Exactly and only the lines below from the one containing "Valtteri Bottas (#77)" down to the one containing "5、勾选同意协议后,点击【申请注销】即可成功注销账号" are wanted, both included; please exclude every picture.

Start of MATERIAL SHOWN

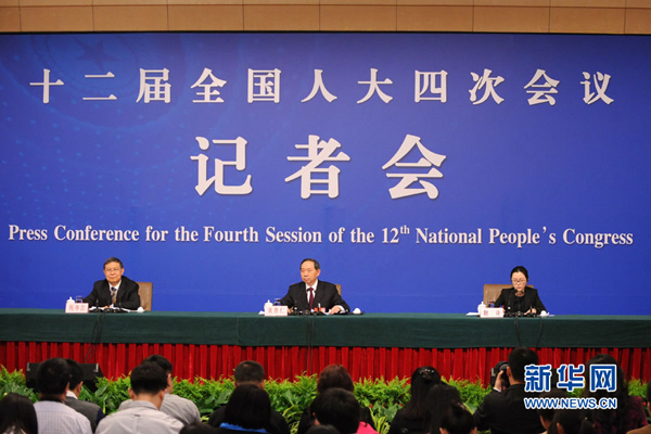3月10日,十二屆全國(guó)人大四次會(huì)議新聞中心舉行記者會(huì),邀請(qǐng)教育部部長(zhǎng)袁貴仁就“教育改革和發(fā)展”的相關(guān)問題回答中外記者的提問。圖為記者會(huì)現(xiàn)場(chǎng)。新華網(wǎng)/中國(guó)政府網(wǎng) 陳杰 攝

End of MATERIAL SHOWN
Start of MATERIAL SHOWN

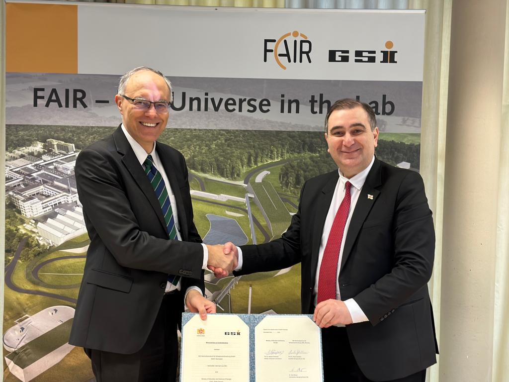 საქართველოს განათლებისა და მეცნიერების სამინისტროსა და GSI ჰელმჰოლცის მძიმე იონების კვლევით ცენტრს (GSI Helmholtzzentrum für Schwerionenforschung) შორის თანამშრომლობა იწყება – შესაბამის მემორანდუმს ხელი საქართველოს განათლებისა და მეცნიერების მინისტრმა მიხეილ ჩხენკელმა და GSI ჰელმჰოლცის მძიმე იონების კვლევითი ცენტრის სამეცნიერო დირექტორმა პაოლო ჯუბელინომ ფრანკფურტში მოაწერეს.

End of MATERIAL SHOWN
Start of MATERIAL SHOWN

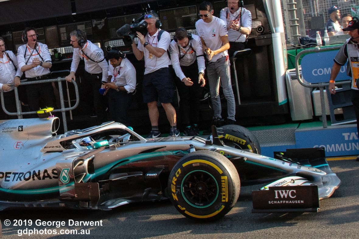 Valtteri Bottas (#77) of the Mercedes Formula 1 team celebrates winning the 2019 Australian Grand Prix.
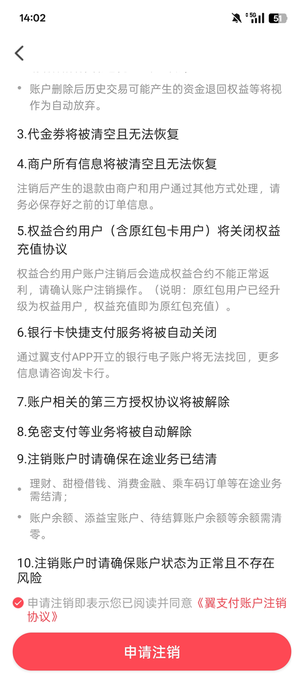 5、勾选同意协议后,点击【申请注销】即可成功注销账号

End of MATERIAL SHOWN

## FINISHED EXERCISE:
 Valtteri Bottas (#77) of the Mercedes Formula 1 team celebrates winning the 2019 Australian Grand Prix.
 5、勾选同意协议后,点击【申请注销】即可成功注销账号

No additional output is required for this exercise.